Shared kitchen space concept comes to Yaletown

A downtown Vancouver project is planning a new way to serve restaurants.

When complete, Club Kitchen will offer 13 private, fully-equipped turnkey kitchens in one location that also offers shared management and reduced start-up, purchase and operating costs. Installation is scheduled for Yaletown at The Arc (988 Expo Blvd.).

The idea is developed by Terry Hui, CEO of Concord Pacific, and is led by JJ Fraser and Hugh Carbery, two restaurant industry leaders with extensive experience in managing and launching restaurant brands across the world. ‘North America.

“It’s a creative use of real estate and technology. It would certainly lower the barriers to entry for new food entrepreneurs and allow them to focus on their food concepts,” Hui said in a press release.

Fraser explained that delivery-oriented kitchen spaces range from 200 square feet to 350 square feet. They were designed by chefs for chefs, with most permits and insurance already in place. He noted that tenants won’t have to navigate the long and complicated processes of designing, building and opening a restaurant. Operators can cook and generate profits immediately instead of waiting months or years.

“The typical pattern is that there are one or two central cooking areas where all the major equipment is housed, and then each has its own prep station,” he said. “We wanted to make it different. Each unit is autonomous and fenced.

Fraser explained much like a small food truck kitchen, each unit has its own cooking area, sink, dishwasher and more. They also have their own ventilation and fire extinguishing systems.

But it wasn’t easy. The team needed to ensure that the building will have enough energy for each unit and maximize each space using high-tech appliances and wall shelving.

For example, each unit will have a compact RATIONAL combi oven that can steam, blanch, poach, bake, roast, sear, fry, grill, smoke, sous vide, cook overnight and more.

“It allows us to use something that would occupy three different types of ovens, but all in one,” Fraser said.

The team also doesn’t know what food will be cooked in each unit, so they must be able to take anything thrown at them.

“Our ideal operator may be a restaurant brand that already exists outside of downtown Vancouver that wants a footprint in a prime location,” he said. “But they don’t want to spend downtown money to build this.
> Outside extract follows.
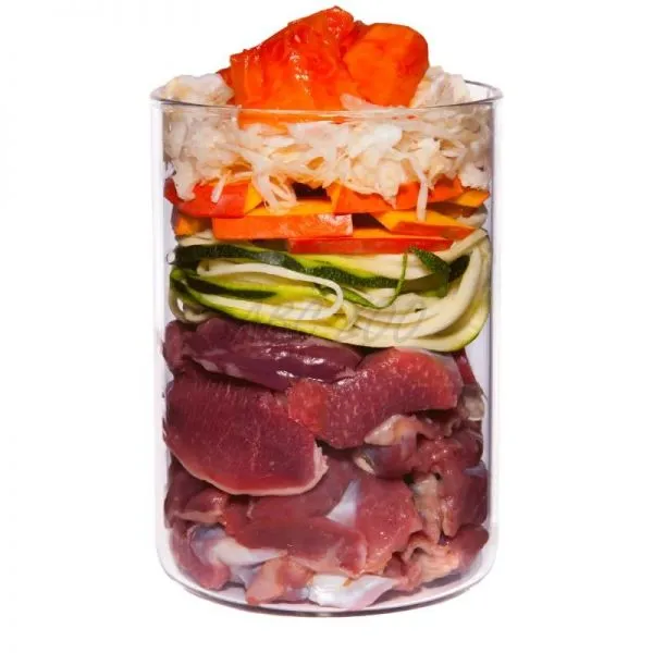 Compoziție: pui 46% (inimă de pui 29%, stomac de pui 11%, ficat de pui 6%), supă 23%, dovlecel 11%, dovleac 9%, papaya 6%, făină de cocos 1%*, făină de semințe de dovleac 1%*, minerale 1%*, păstârnac*, semințe de psyllium*, coji de psyllium*, drojdie de bere*, busuioc*, ulei de rapiță, păpădie*, coajă de măceșe 0,1%*, frunză de anghinare*, argilă minerală*, coajă de stridie*, spirulină*
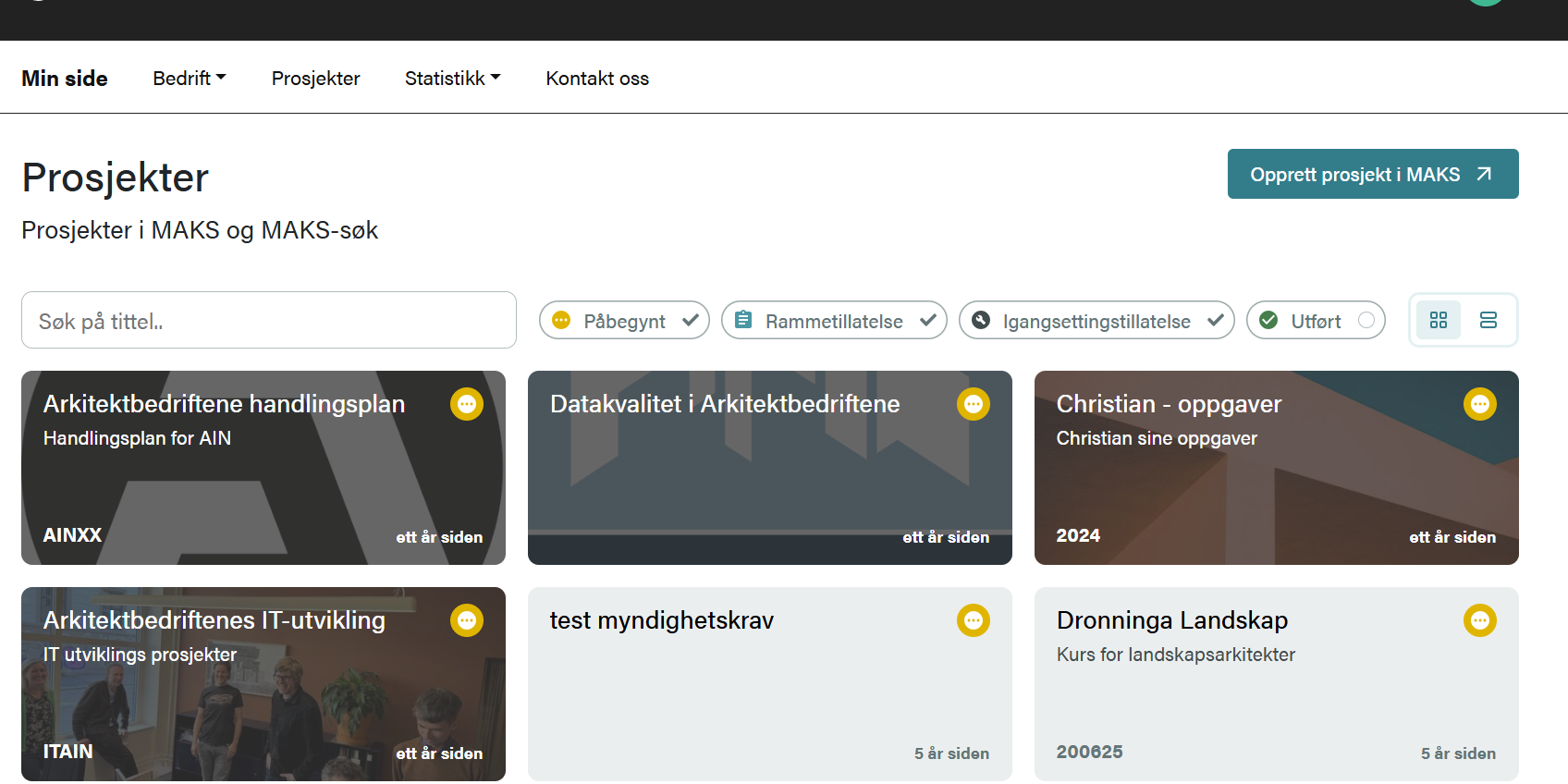Vi har laget en ny prosjektoversikt på Min side. Her kan du søke i prosjekter og gå til de ulike verktøyene.

We offer the ability to enter a space for $50,000 which takes care of all capital expenses and reduces the entry point and risk for a premium location.

He noted that the traditional route costs between $300,000 and $500,000. The permitting and construction processes can take months.

The project team said Club Kitchen already has strategic partnerships with suppliers such as Sysco, Gordon Food Services, Foodbuy Canada, Russell Hendrix and Procter & Gamble, and delivery companies such as Uber Eats, DoorDash and SkipTheDishes.

Club Kitchen’s in-house concierge team will assist restaurants with order management and fulfillment and handle all in-room operations such as food deliveries, logistics and maintenance of building services.

Thanks to POS technology, operators will be able to manage their delivery orders from multiple platforms with a single centralized tablet and have full control of their data, including payment solutions, order tracking and more.

Once permits are in place and construction begins, the team plans to open the facility this fall.

Follow the author on Twitter @RussellReports.

Comments are closed.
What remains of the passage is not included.